Déjà posté en produit dérivé... ::ninja:: 

Mais c'est super impressionnant.

----------


## Froyok

Nom de dieu !  ::O: 
Je reste sur le cul du cube en 3D et du pong qui se déplace sur les mur. Ces mecs sont mes nouveaux dieux !

----------


## Montigny

Non moi je suis très impressionné , bravo aux gus qui ont fait ça  ::):

----------


## Akva

Mon dieu, toute ma jeunesse : LEGO, NES  ::): 
Vraiment très impressionnant, des fois j'ai du mal a croire qu'il a pu monter/démonter tout ça!
Et comme Froyok, c'est le pong qui m'a le plus impressioné, surtout qu'en y pensant, il a du démonter a chaque frame son mur, pour replacer la balle et les deux raquettes  :Emo:

----------


## Pix

CHIPTUNE \o/
Le morceau et la vidéo sont impressionants.

----------


## Chartreuse

Inka+ ou IK+ ? J'ai le doute du coup...je croyais que c'était IK+

----------


## Mitsuaki

IK+ international karate +

Très bon jeu avec une palette de coup impressionnante et plein de ptites anims sympa \o/

----------


## PrinceGITS

IK+  :Bave: 
Avec les bonus stages où il fallait repousser les balles avec un bouclier.  ::wub:: 




> Déjà posté en produit dérivé...


Tu crois qu'il a trouvé l'info où ?  ::P:

----------


## P'titdop

Purée c'est vraiment impressionnant ! ::o:

----------


## Mr Ianou

Tous ce temps passé pour rendre hommage et louper comme une merde la proportion des pièces du TETRIS. ::ninja:: 

La honte ! (pas dur d'être méchant  :;):  )

----------


## Zelockman

Completement d'accord avec Froyok, le pong sur des murs qui se deplacent ,ça claque .... Et je me dis un cerveau humain est il suffisant pour calculer tout ca ?
Ces mecs sont justes trop balezes ,tiens je me le rematte une fois ... Ah la nostalgie de mon vieil amiga ne veut pas partir ...

----------


## zAo

énorme  ::P:

----------


## L0ur5

Juste énorme. Les effets de lumière au début quoi  ::o:

----------


## pierrot.la.lune

Ils sont forts, très forts

----------


## JojoLeMerou

Quelqu'un pourrait me retrouver le lien de cette vidéo bizarre avec un Ken et un Ryu gays et une Lara Croft qui a un orgasme en jouant à Pong ?
Je lui en serai éternellement reconnaissant.

----------


## Akva

Hop, tiens, cadeau  ::):

----------


## Alab

> Tu crois qu'il a trouvé l'info où ?


http://alt-tab.org/?page/1

----------


## L4vv4L

Pas croyable, ces gars sont des artistes o_O

----------


## Froyok

> Pas croyable, ces gars sont des artistes o_O


Non, non, non ! Des dieux je vous dis, des dieux !  ::o:

----------


## darkgrievous

C'est la meilleur chose fait avec des lego depuis gondry et le clip des white stripes  ::o:

----------


## Valium

J' ADoooOOOOORee la Zik!!!

----------


## Dark Fread

Ce type est un malade, c'est juste sublime.

----------


## Gloo

La bonne vieille zique de tracker...

----------


## Kaenyth

::sad:: 

Jusqu'à aujourd'hui je pensais que mon super château avec Donjon, passage secret, appartements privés, étables et garnison de 100 bonshommes, était une prouesse.
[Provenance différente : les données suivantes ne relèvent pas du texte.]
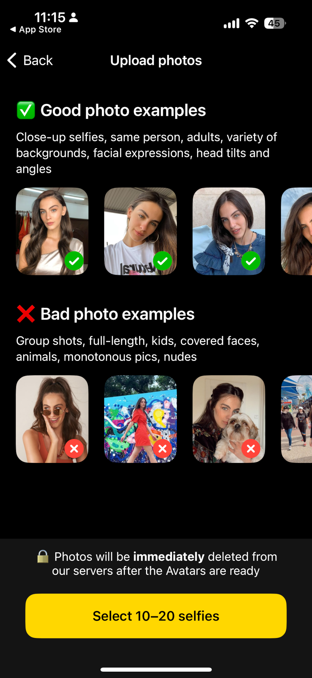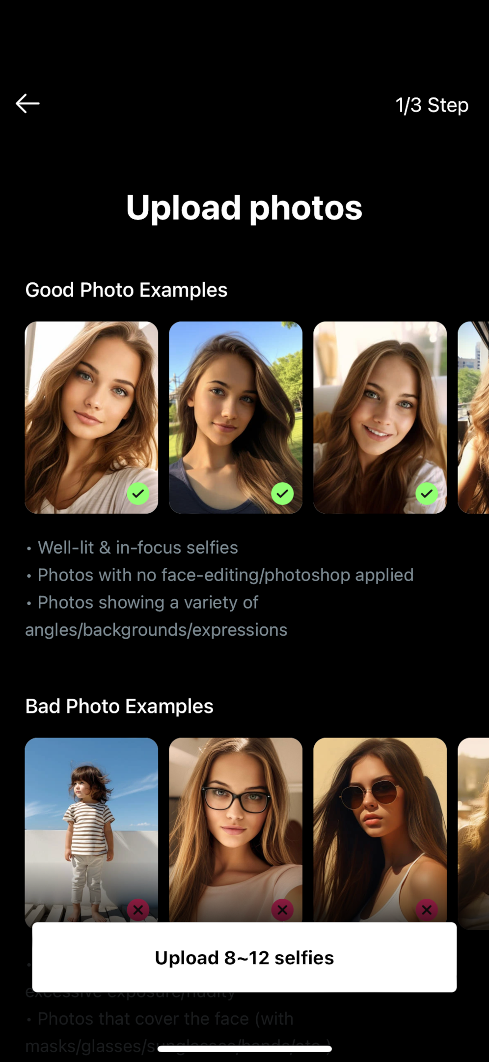 Upload 8-12 selfies and select your gender.

Mais là, je m'avoue battu!

Bon pour ma défense, j'avais 9 ans quand j'ai arrêté de jouer au lego, pas 1500 heures à foutre en l'air et si j'avais utilisé l'appareil photo argentique de mes parents pour faire un film, je pense que je n'aurai pas fini de les rembourser aujourd'hui...  :^_^:

----------